> **Exercise aim**: Go through the entries and count the lines with the string "Figura" in them. Give only that number.

> **Data provided**:
···

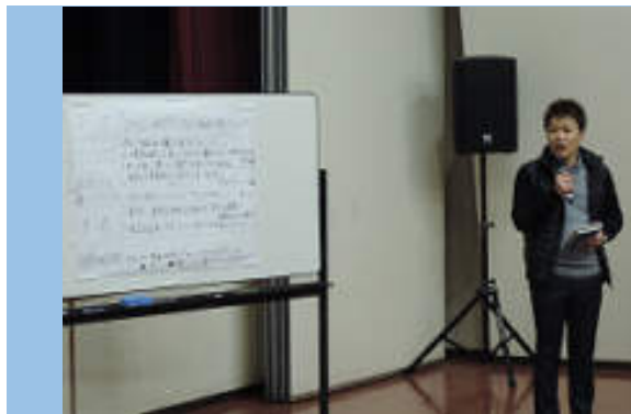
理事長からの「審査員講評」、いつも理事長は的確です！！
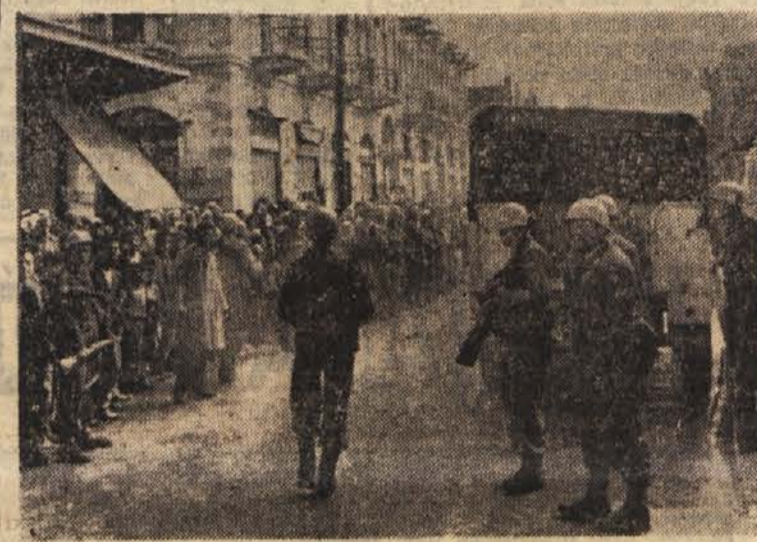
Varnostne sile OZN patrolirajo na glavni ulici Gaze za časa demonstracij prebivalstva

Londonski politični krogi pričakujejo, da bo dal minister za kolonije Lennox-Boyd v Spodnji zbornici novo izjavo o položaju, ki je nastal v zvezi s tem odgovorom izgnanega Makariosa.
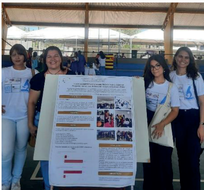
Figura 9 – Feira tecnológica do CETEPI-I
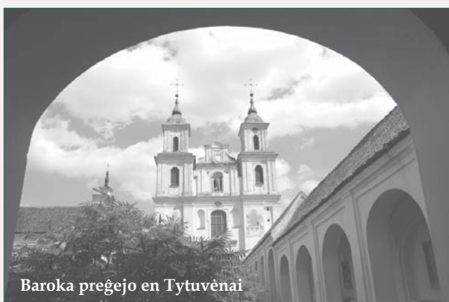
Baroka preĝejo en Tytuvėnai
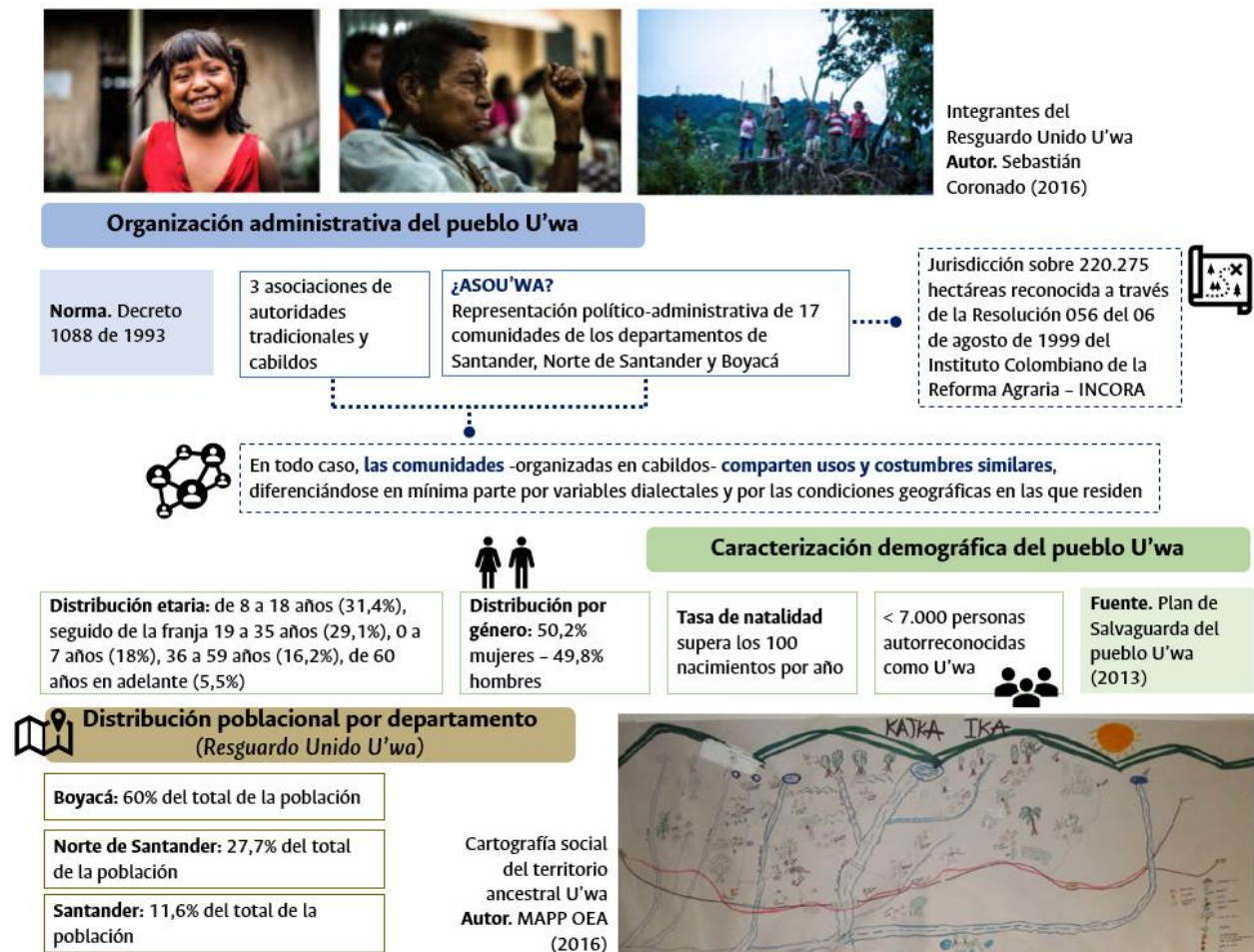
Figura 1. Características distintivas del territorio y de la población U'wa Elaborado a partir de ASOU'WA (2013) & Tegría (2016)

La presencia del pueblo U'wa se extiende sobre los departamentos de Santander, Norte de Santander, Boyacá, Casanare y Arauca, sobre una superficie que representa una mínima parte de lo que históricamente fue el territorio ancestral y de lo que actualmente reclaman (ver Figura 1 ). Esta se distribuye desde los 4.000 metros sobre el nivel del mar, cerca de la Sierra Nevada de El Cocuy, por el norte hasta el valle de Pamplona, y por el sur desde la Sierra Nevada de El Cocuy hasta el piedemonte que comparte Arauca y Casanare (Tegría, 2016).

···

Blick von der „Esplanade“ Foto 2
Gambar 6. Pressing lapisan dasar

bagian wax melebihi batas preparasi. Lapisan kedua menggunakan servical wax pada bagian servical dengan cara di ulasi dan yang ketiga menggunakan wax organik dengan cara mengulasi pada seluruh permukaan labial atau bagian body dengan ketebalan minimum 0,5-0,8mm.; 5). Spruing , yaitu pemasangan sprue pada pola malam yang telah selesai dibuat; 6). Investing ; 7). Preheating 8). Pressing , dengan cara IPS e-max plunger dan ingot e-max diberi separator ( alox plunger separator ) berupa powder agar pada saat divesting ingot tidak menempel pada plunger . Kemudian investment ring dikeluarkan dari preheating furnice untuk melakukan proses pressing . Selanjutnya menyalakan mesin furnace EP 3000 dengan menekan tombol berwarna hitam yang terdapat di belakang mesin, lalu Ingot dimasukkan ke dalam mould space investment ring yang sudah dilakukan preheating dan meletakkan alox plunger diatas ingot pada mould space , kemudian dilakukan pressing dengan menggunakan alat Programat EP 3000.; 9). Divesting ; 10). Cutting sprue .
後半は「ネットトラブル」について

···

> **Exercise answer**: 3